Pressure continues to be put on Local Authorities to protect the future of public toilet provision for Pembrokeshire.
Petitions have been set up calling for Pembrokeshire County Council to rethink any closure plans, whilst councillors across the county continue to urge the Local Authority to scrap any proposals, with suggestions to shut any public conveniences in seaside and coastal resorts, labelled ‘ludicrous’ by members of Tenby Town Council earlier this year.
Tenby’s toilets alongside North Beach and in Upper Frog Street are included in a list of facilities due to close on November 5 this year, unless a future funding stream is identified, PCC revealed, with county councillor for the seaside town’s north ward Cllr Michael Williams accusing the Local Authority of being in ‘danger of contravening the wellbeing act’ should they start to shut such facilities.
The matter came up for discussion again at this month’s meeting of Tenby Town Council, after receiving a response from the offices of Rebecca Evans, Welsh Government minister for Finance and Local Government.
The correspondence stated: ‘I understand your concerns – and those of your fellow councillors - in relation to the proposed closure of a number of public toilets in Tenby. The provision, accessibility and maintenance of public toilets is the responsibility of each toilet’s owner e.g. a local authority, a community council, or business.
‘Local authorities may provide public toilets, but are not obliged to do so. Public toilets do not, therefore, generally fall within the remit of the Welsh Government’s responsibilities, and we cannot intervene in the decision making of local authorities or businesses in this regard.
‘There are currently no plans to legislate to make the provision of public conveniences a statutory requirement. The lead in this area would be the Minister for Health and Social Services.
‘The Public Health (Wales) Act 2017 requires each local authority to develop and publish a local toilet strategy for their area to ensure that the communities’ needs are identified and met. Local authorities have been encouraged to consider toilet provision within other buildings within their control and to look for solutions to provision beyond the traditional stand-alone public toilet.
‘The Welsh Government produced statutory guidance for local authorities on what they needed to do to develop their toilet strategies and how they should engage with their respective populations.
‘I note that Pembrokeshire has published its Local Toilets Strategy in 2019, and that it has recently consulted on its Draft Local Toilets Strategy 2 which includes an assessment of the community’s need for toilets and also how the Local Authority proposes to meet the need.
‘The duty to prepare a strategy does not in itself require Local Authorities to provide and maintain public toilets themselves, but they are required to take a strategic view across their area on how these facilities can be provided and accessed by their local population.
‘Asset transfers between principal and community councils can be beneficial in a number of cases, such as where both parties are aware of the ongoing responsibilities, that post-transfer support is in place and that the transfer is sustainable.
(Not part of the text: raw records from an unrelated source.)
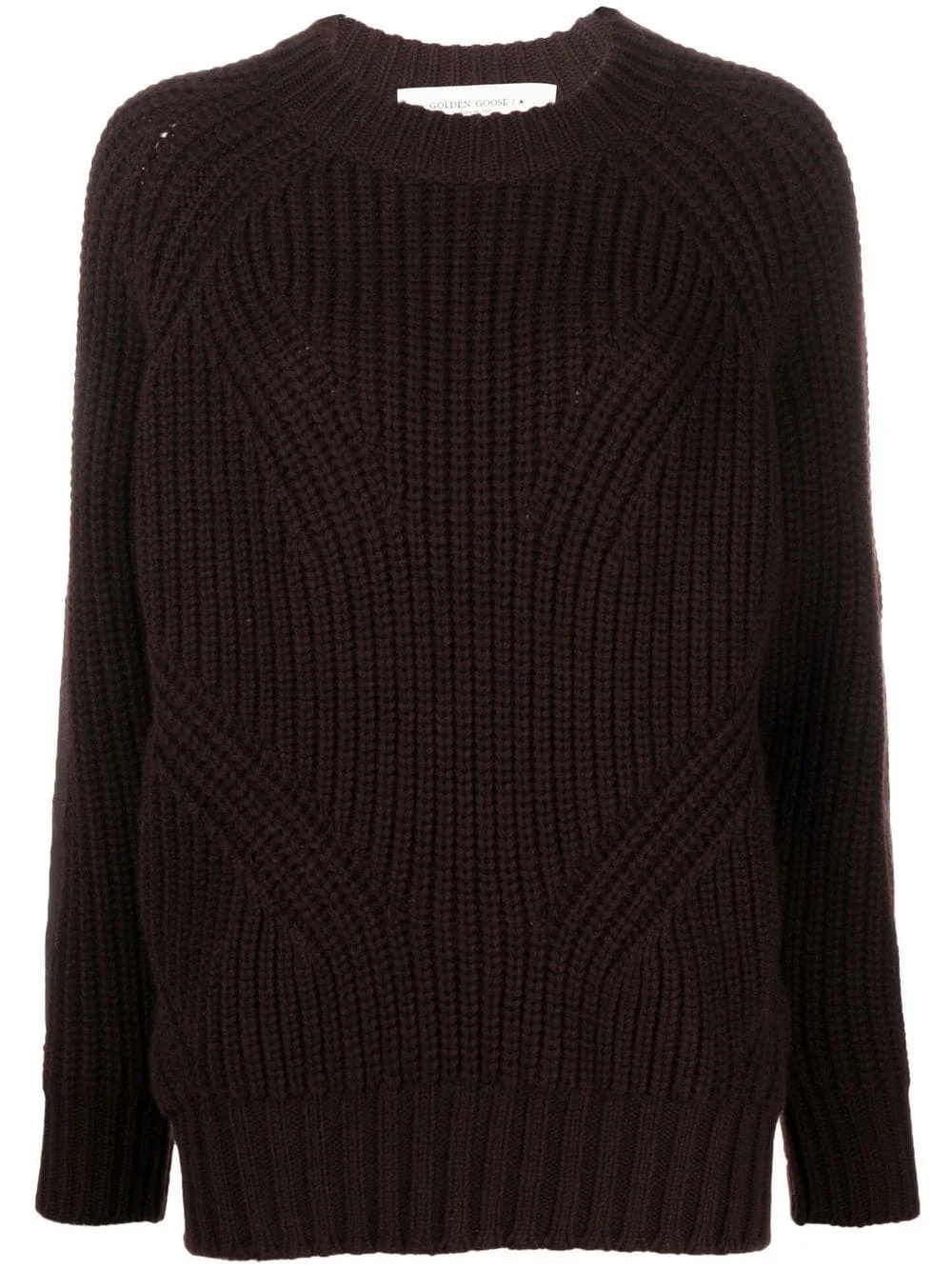 elbow-patch ribbed-knit jumper brown virgin wool/leather ribbed knit elbow patches round neck long raglan sleeves seam detailing ribbed edge Made in Italy Composition Virgin Wool 100%, Goat Skin 100% SIZE & FIT Model measurements Height 5 ft 10 in(1.78 m) Bust/Chest 30.31 in(77 cm) Hips 36.61 in(93 cm) Waist 24.8 in(63 cm) FittingInformation This piece fits true to size. We recommend you get your regular size Cut for a loose fit Made with a mid-weight fabric Washing instructions Dry Clean Only
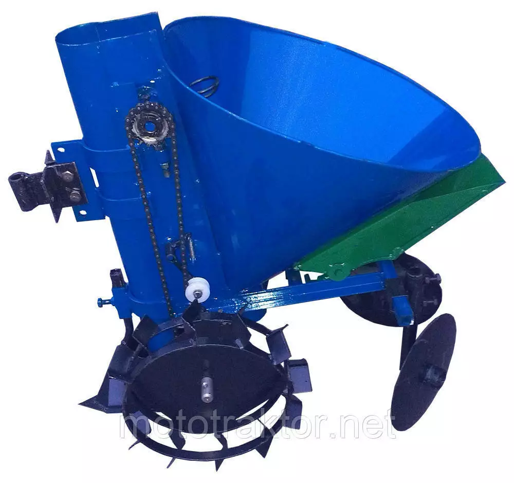 Картофеле Сажатель Мотоблочный — 1 ряд, транспортер Цепного типа, с бункером для Удобрений, сажалка синего цвета.
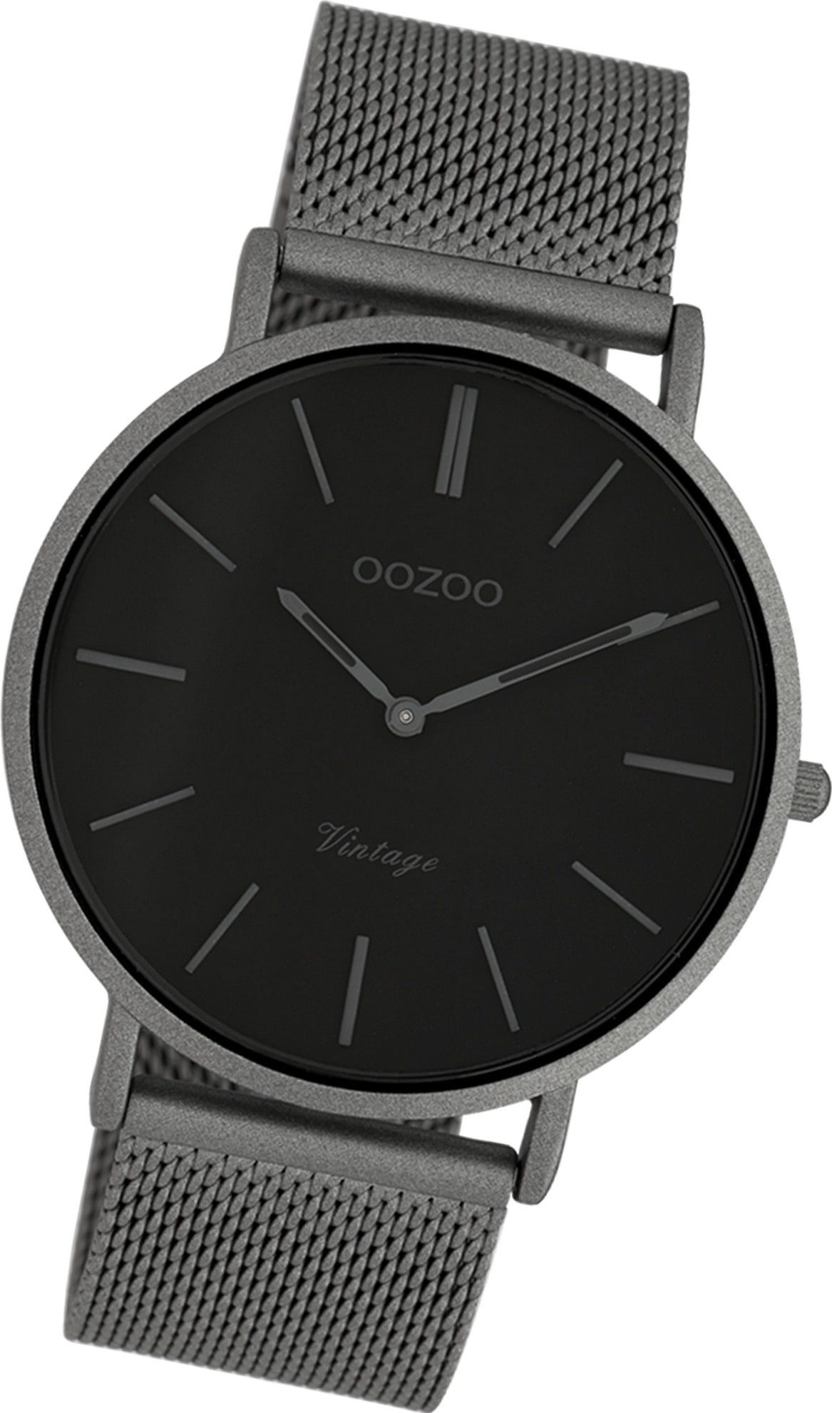 Die Fashion Uhr der Marke Oozoo hat ein schönes Armband aus Edelstahl in grau mit Klappverschluss. Eine Uhr aus der Oozoo Vintage Series Kollektion für Herren in der Gehäusefarbe grau mit Quarzwerk. Die Analoguhr mit Mineralglas hat ein Zifferblatt in der Farbe schwarz. Die Form der Uhr ist rund und das Gehäuse ist groß ca. 40mm.
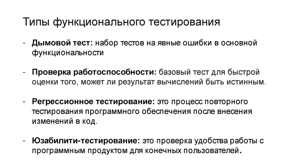 Типы функционального тестирования- Дымовой тест: набор тестов на явные ошибки в основной
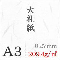 招待状、挨拶状、封筒、紙袋、箸包み、お品書きに大礼紙 209.4g/平米 A3サイズ:100枚価格: 12,600円レビュー評価: 0.0 レビュー数:0 大礼紙(たいれい紙)繊維の模様が上品な和紙風模様紙(片面)です。冠婚葬祭などフォーマルな用途にお使いいただけます。招待状、挨拶状、封筒、紙袋、箸包み、お品書きに。ご希望のサイズに断裁可能。【厚さ】209.4g/平米(0.27mm)【サイズ】A3(297×420)断裁加工賃(カット判の加工) 販売価格 1,050円(税込) 大礼紙 209.4g/平米 A4サイズ:100枚 販売価格 5,250円(税込) 大礼紙 209.4g/平米 A4サイズ:500枚 販売価格 16,800円(税込) 大礼紙 209.4g/平米 A4サイズ:1000枚 販売価格 21,000円(税込) 大礼紙 209.4g/平 |

‘The Minister for Finance and Local Government would be concerned if communities were facing a double taxation through council tax but also a raise in the precept as a result of an asset transfer where there was no discernible change in service,’ it added.
Town council member Cllr Emma Lewis told her colleagues that she felt that the point was being missed, particularly in relation to people with protected characteristics.
She said that a lack of toilet provision discourages people from spending too much time in town, which impacts Tenby’s retail and hospitality businesses. Tourists may expect to pay for use of the toilets but for residents it is different.
She wondered if it would it be worthwhile contacting the Minister for Health and Social Services on the matter further.
Cllr Sam Skyrme-Blackhall told members that there are still ongoing talks with PCC and with the Pembrokeshire Coast National Park Authority in relation to toilet provision, and pressure continues to be put on them.
She said she felt things were progressing and it seemed that only the market toilets were earmarked for closing due to the poor state of them.
“Nothing is set in stone, regarding the North Beach, and PCC are aware that we need them due to the volume of people in town,” she remarked.
Cllr Laurence Blackhall said he would be ‘loathed’ as a town council to step up and fund toilet provision from the precept, stating: “We need to continue to put pressure on various agencies, or else it will be a slippery slope and we will be funding everything PCC wants to stop providing!”
Cllr. Duncan Whitehurst felt that the Welsh Government strategy was not fit for purpose. He felt allowing unitary authorities to develop their own strategies enabled them to manipulate the process for closures.
“Welsh Government need to return to the drawing board and develop something that works for the people of Wales,” he said.
“PCC consulted on their strategy. Toilet closures was the most negatively received proposal within their budget consultation. It is deeply unpopular and if PCC cared about the views of the people of Pembrokeshire, they wouldn’t be closing any,” added Cllr Whitehurst.
Cllr Skyrme-Blackhall felt more pressure was needed especially with PCNPA.
“PCC have hinted at library closures as well as toilets unless someone else pays. We need to get them to pull the brakes on, otherwise where will it end!” she added.